Эдгар По – Убийство на улице Морг. Мистические рассказы (страница 37)
Я просунул голову и собирался открыть фонарь, как вдруг петля слегка заскрипела, и старик, подпрыгнув на кровати крикнул:
– Кто там?
Я стоял спокойно и ничего не отвечал. Целый час я простоял, не шелохнувшись, и не слышал, чтобы он снова улёгся в постель. Он всё сидел на ней, прислушиваясь, как и мне случалось сидеть по ночам.
Внезапно я услышал слабый стон и узнал в нём стон смертельного ужаса. Не боли, не жалобы, о, нет! – то был тихий, глухой звук, поднимающийся из глубины души, подавленной страхом. Я хорошо знал этот звук. Не раз в полночь, когда весь мир спал, он вырывался из моей груди, усугубляя своим зловещим отзвуком мой ужас. Говорю вам, я хорошо знал этот звук. Я знал, что чувствует старик, и пожалел его, хотя сердце моё смеялось. Я знал, что он не смыкал глаз с той самой минуты, когда лёгкий шум у двери заставил его пошевелиться. Страх его всё время возрастал. Он старался убедить себя, что бояться нечего, – и не мог. Он говорил себе: «это ничего, это ветер прошумел в трубе; мышь пробежала по полу», или «это сверчок чирикнул, просто сверчок и больше ничего». Да, он пытался успокоить себя такими предположениями, но тщетно. Тщетно, потому что смерть приближалась к нему и встала перед ним огромною чёрною тенью и охватила свою жертву. И зловещее влияние этой невидимой тени заставляло его чувствовать, хотя он ничего не видел и не слышал, – чувствовать присутствие моей головы в комнате.
Простояв, таким образом, очень долго и не дождавшись, чтобы он улёгся, я решился приотворить, чуть-чуть, на волосок приотворить фонарь.
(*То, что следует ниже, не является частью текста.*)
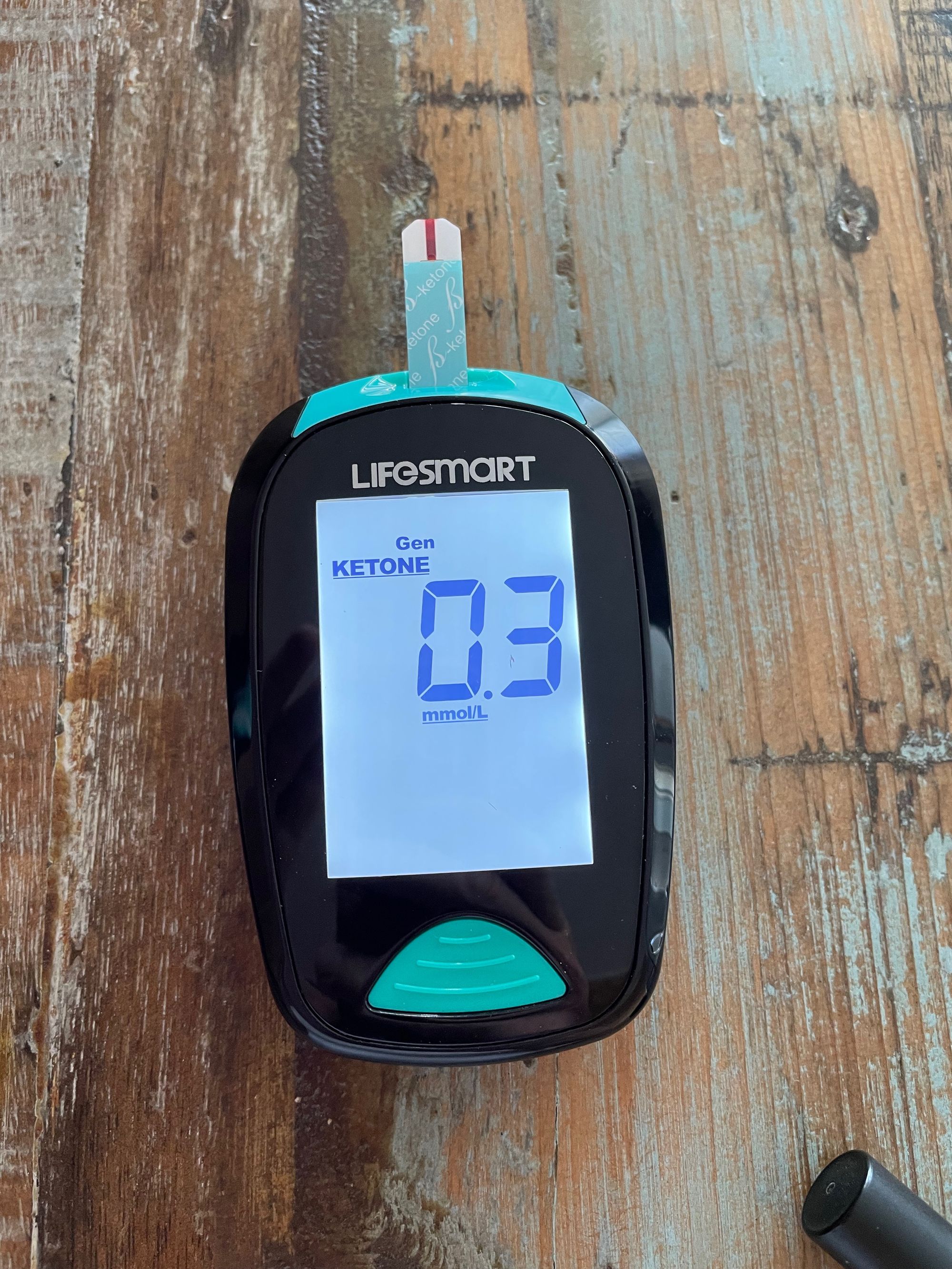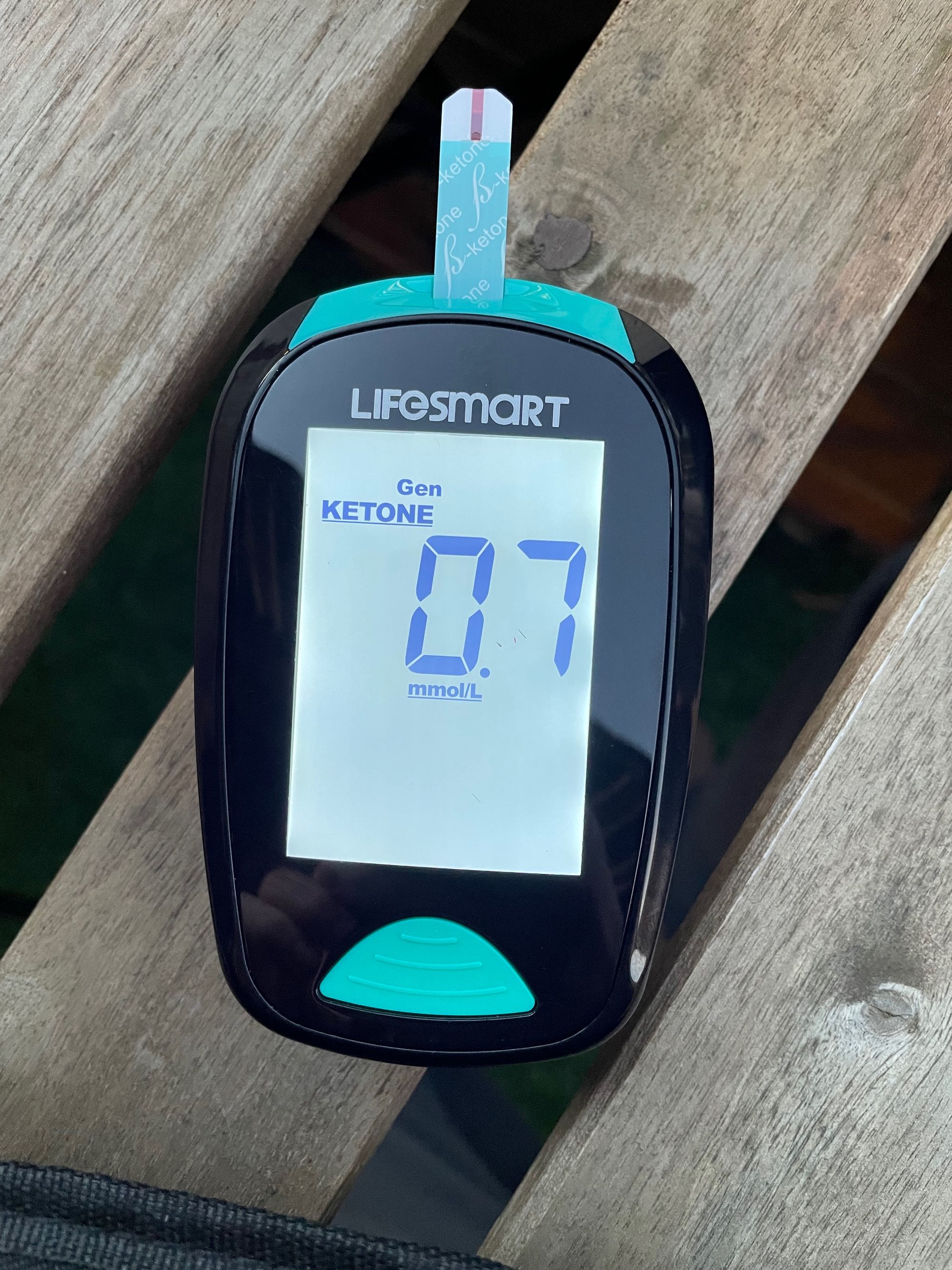 - 9:23 AM going for walk, blood ketones low (no measurement)
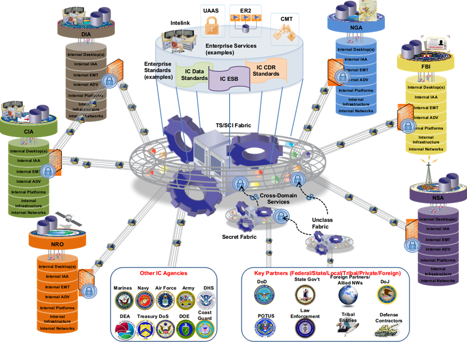 四是基于IC ITE等云平台的情报汇聚能力。美方通过IC ITE构建的大规模情报云(IC Cloud),系统整合了美情报界及国防部所有IT资源与服务,实现情报的融合与资源共享。IC ITE作为美情报体系的核心基础设施,将包括地理空间情报(GEOINT)、人力情报(HUMINT)、信号情报(SIGINT)、测量与特征情报(MASINT)和开源情报(OSINT)在内的全源情报,统一汇入基于大数据平台和人工智能的全方位情报整合体系,达成富集效应。
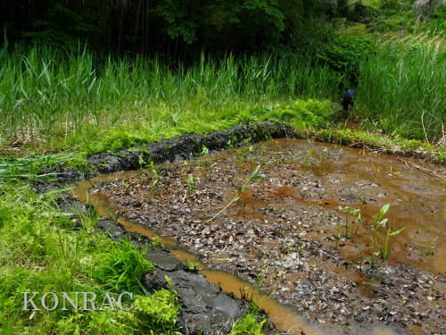 C下の田圃の水路と田圃の泥上げなど 日 時) 10:40〜11:50 晴 場 所)下の田圃 活動者)岩田臣生、田村成美、鈴木潤三 この田圃は、2004年に再生した田圃です。 当初から膝上まで潜る湿田でしたので、長靴で気軽に入ることができません。 田圃としての手入れは怠り勝ちですが、深い泥田に入る経験をさせてあげられる場所として、また、在来の生物が残る沼地として大切な場所だと思っています。 県内では生田緑地のみの生育となってしまった植物を保護していましたが、今年は、発芽したばかりのところを、カルガモに食べられてしまいました。 田圃の奥の水流がヨシに占拠されてしまっていたので、水流のヨシを根こそぎ刈って、泥上げも行いました。
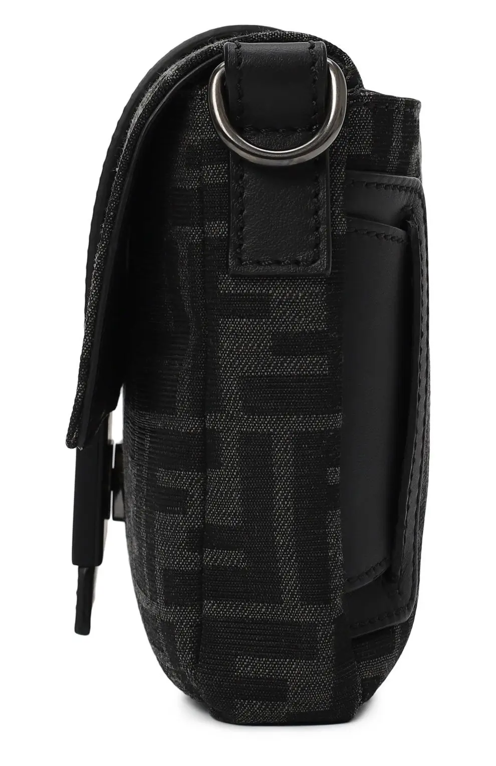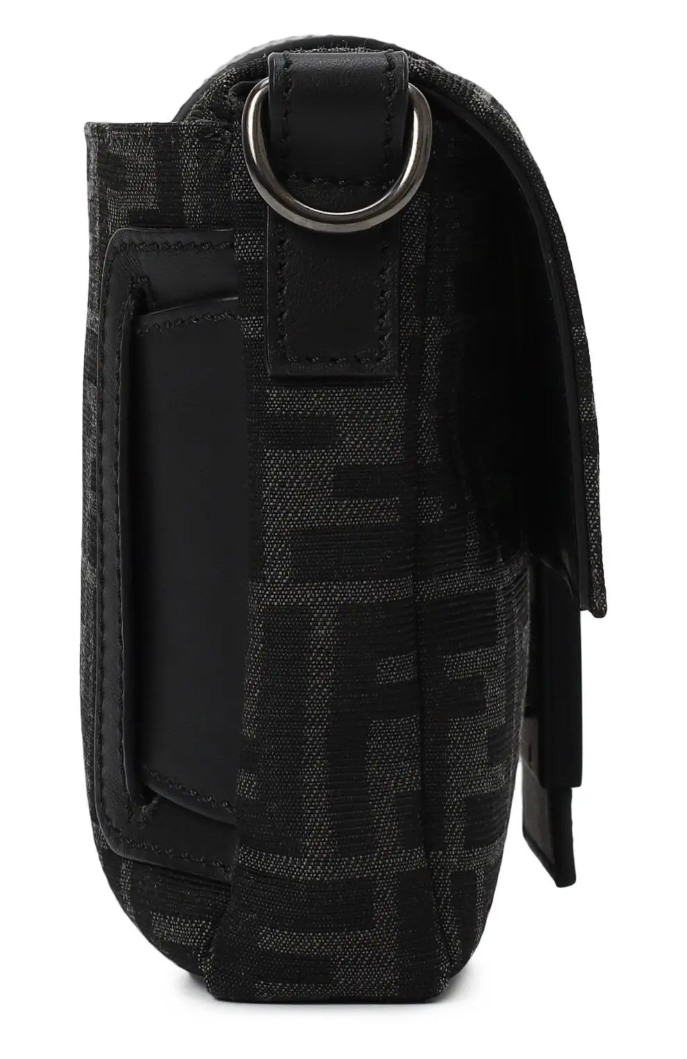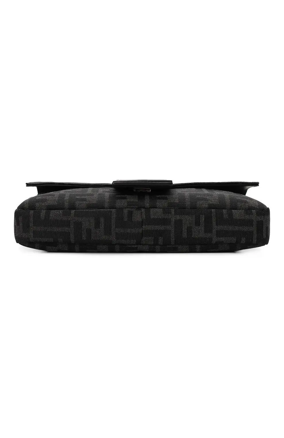 Мужская сумка Baguette от Fendi выполнена из прочного текстиля с фирменным узором FF. Модель прямоугольной формы с откидным клапаном дополнена кожаной вставкой и магнитной пряжкой в тон. Аксессуар оснащён основным отделением и внутренним карманом на молнии, что сочетает функциональность и современный минималистичный стиль.
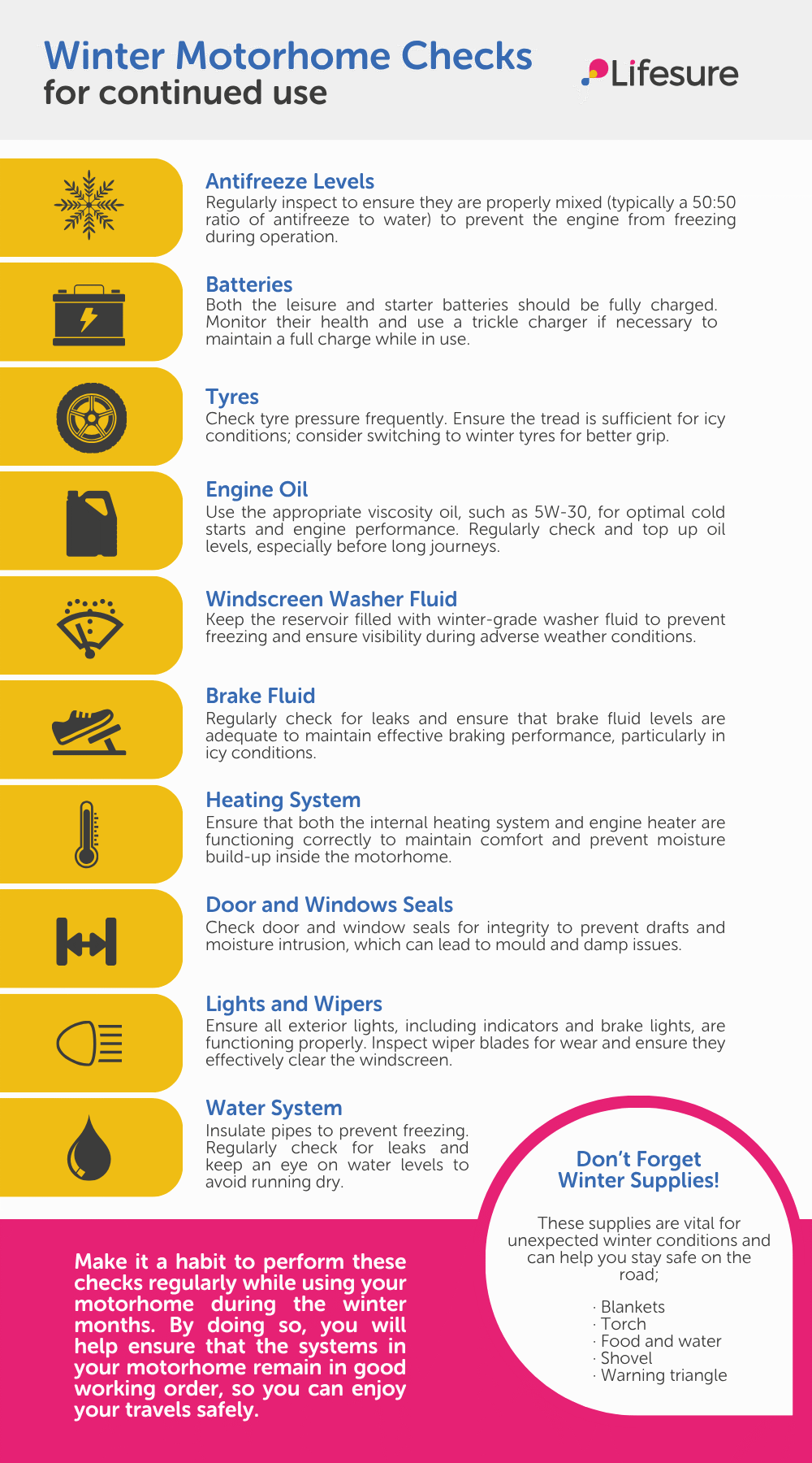 Whether you're storing your motorhome or using it throughout winter, these key checks will help keep your motorhome in top condition:
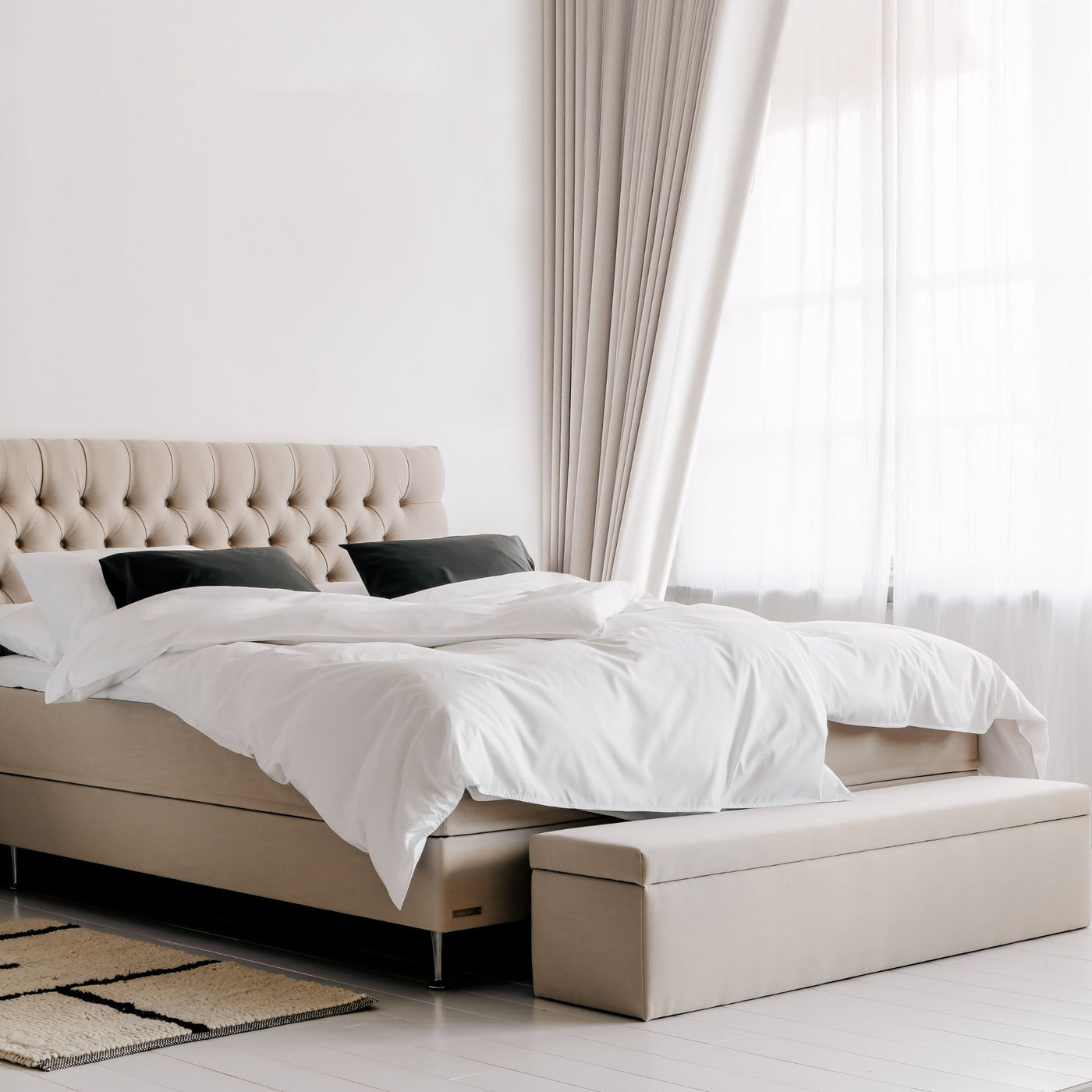 Hintaesimerkki sisältää 80 cm leveän Legenda-moottorisängyn Sand-kankaalla, tammijalat, langattoman säätimen ja Skanner-petauspatjan.
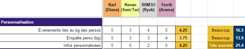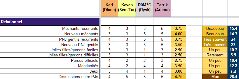 Sans surprise, le PJ le plus "compliqué" fut Terrik/Arama avec une moyenne de 2 compli par partie tout rond.
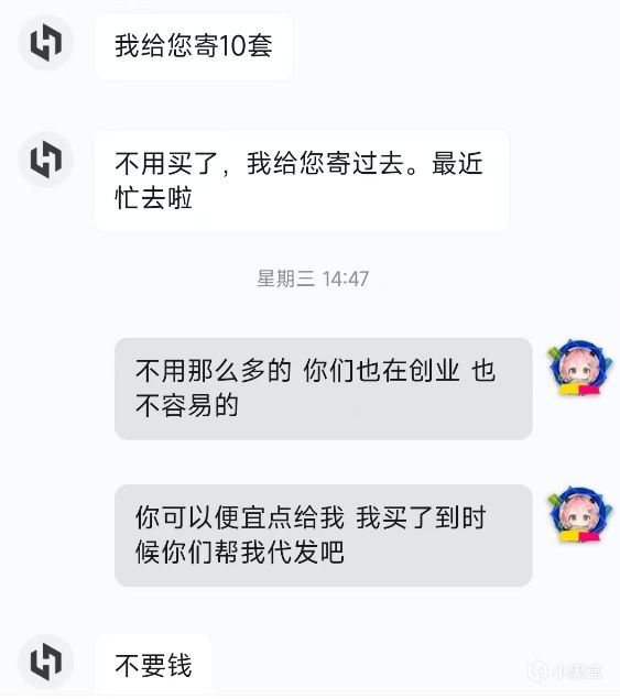 后面提出给我送10套感谢我的分享,我觉得他在创业初期也不容易,提出自行购买几套送粉丝,但是商家太热情了,最后不好意思要的5套
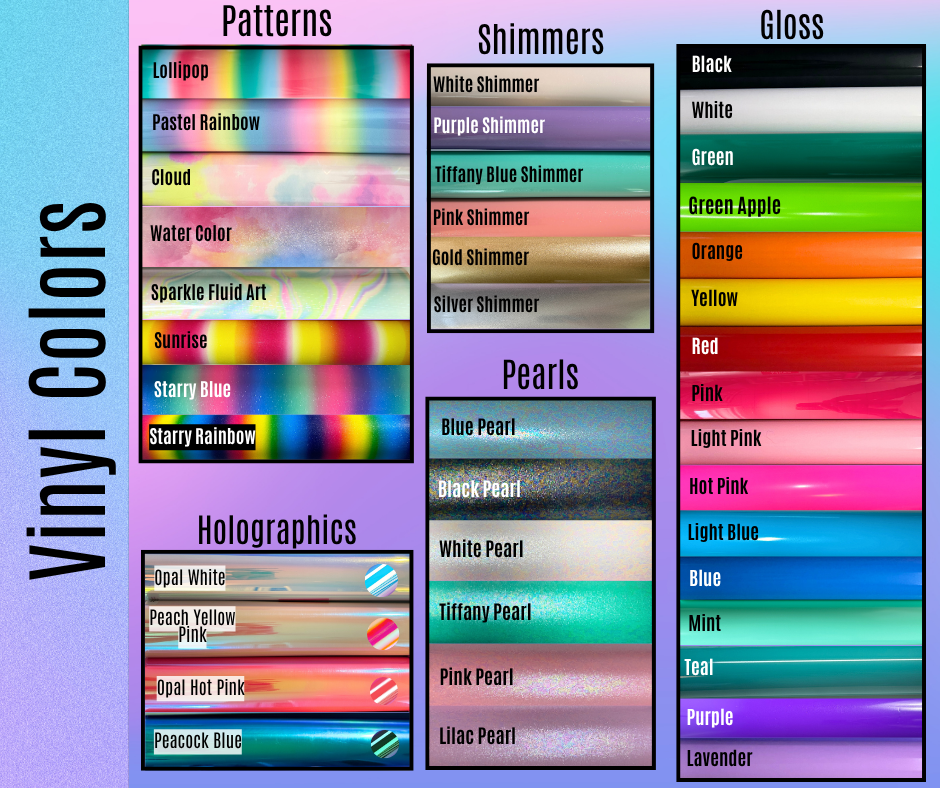 - Select your preferred vinyl color and font from the options provided.
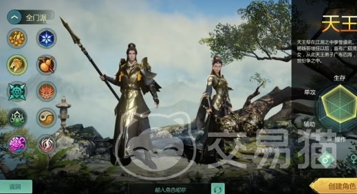 分为锤子与枪两种,锤天王的属性更高一点,属于辅助型的职业,可以用来抗怪,本身拥有可以极大提升坦度的金钟罩技能,生存能力在一众门派职业位居前列。枪天王则是另一面,近战高爆发高防御,一般喜欢打架的会更多用这个职业。

Итак, я стал отодвигать дверцу… можете себе представить, как тихо, тихо… пока, наконец, тонкий, слабый луч, как нить паутины, вырвался из фонаря и упал на глаз коршуна.
Он был открыт широко, широко открыт, и бешенство овладело мною, когда я взглянул на него. Я видел его совершенно ясно – тусклый, голубой, с отвратительной перепонкой, при виде которой дрожь пробирала меня до мозга костей, – но лица и туловища я не мог рассмотреть, так как точно по какому-то инстинкту направил луч как раз на это проклятое место.
Говорил я вам, что вы принимаете за сумасшествие необыкновенную остроту моих чувств? говорил?.. Ну, так вот в эту самую минуту я услышал тихий, глухой, частый стук, точно тиканье часов, завёрнутых в вату. И этот звук был мне хорошо знаком. Я знал, что это бьётся сердце старика. Бешенство моё усилилось, как храбрость солдата разгорается от барабанного боя.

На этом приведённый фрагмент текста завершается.